### Brief
Starting at the line below with "113 Sicilian Road bridge over Niceto River." and stopping at the line with "Title page of", please print each line exactly, those two included, and skip every picture.

### Records shown
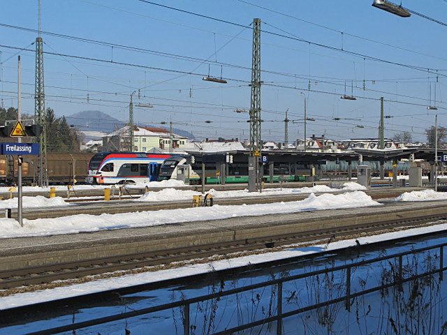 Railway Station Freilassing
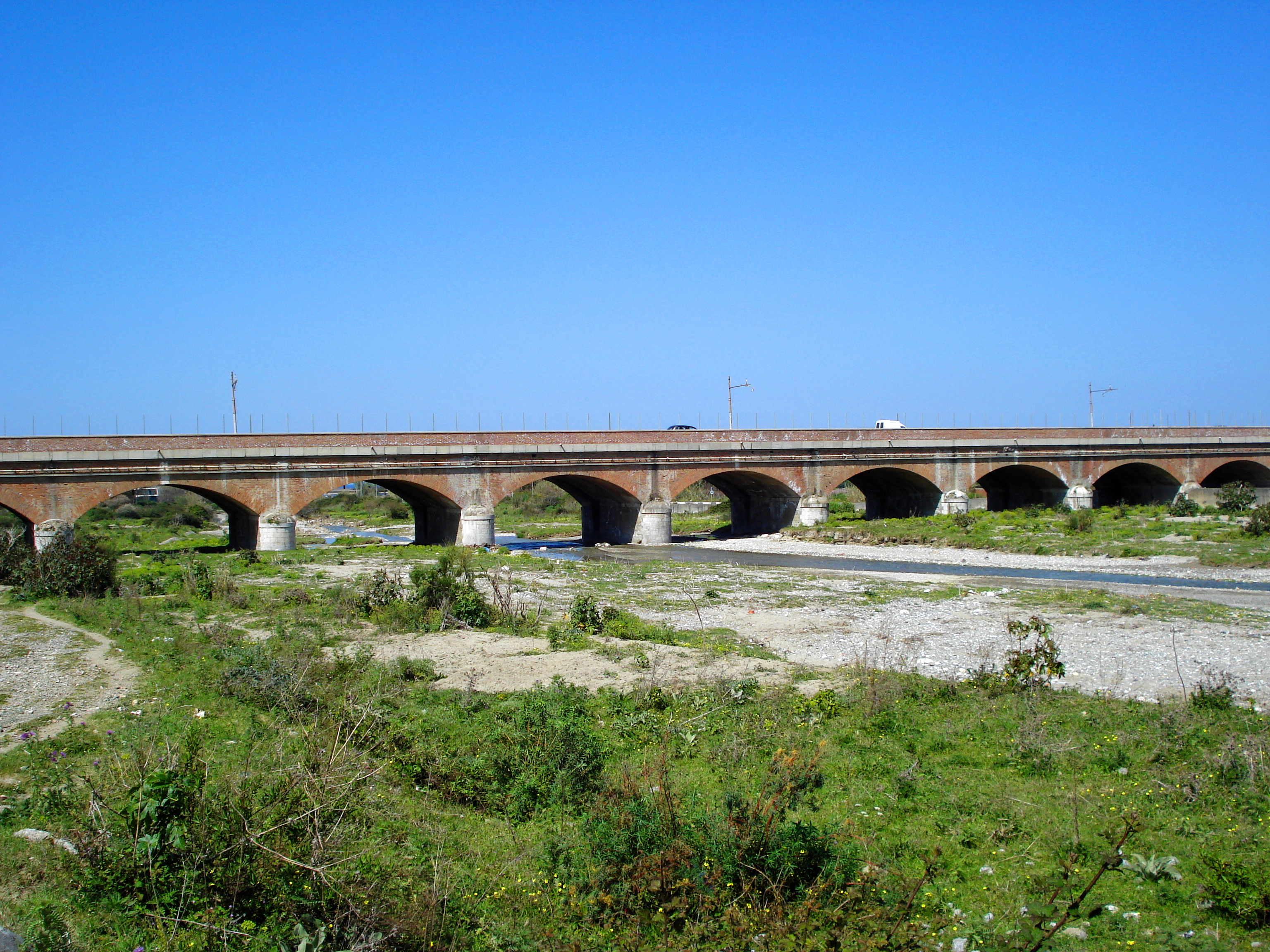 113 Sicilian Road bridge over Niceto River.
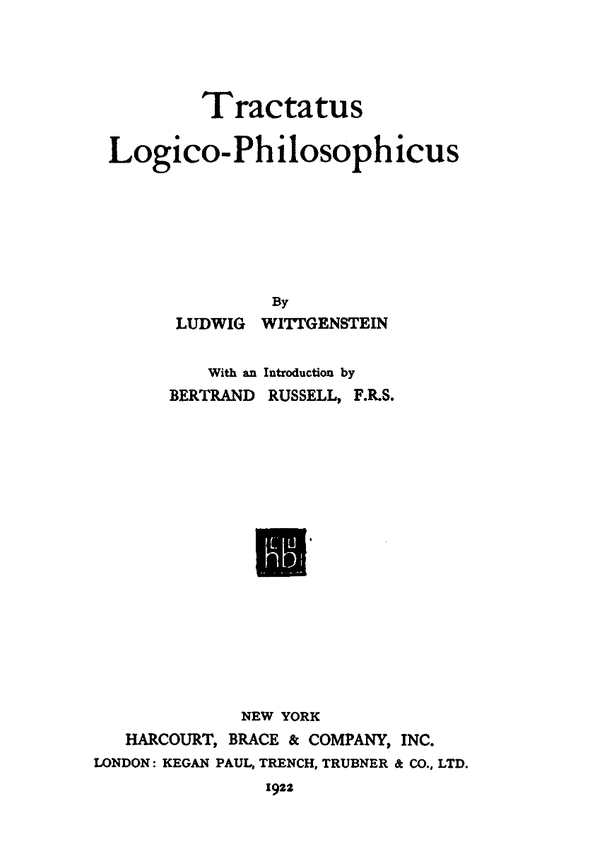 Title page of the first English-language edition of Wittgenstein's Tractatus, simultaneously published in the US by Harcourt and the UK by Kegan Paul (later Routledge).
...
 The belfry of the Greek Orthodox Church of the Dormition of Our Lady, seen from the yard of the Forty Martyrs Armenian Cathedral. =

### Response
 113 Sicilian Road bridge over Niceto River.
 Title page of the first English-language edition of Wittgenstein's Tractatus, simultaneously published in the US by Harcourt and the UK by Kegan Paul (later Routledge).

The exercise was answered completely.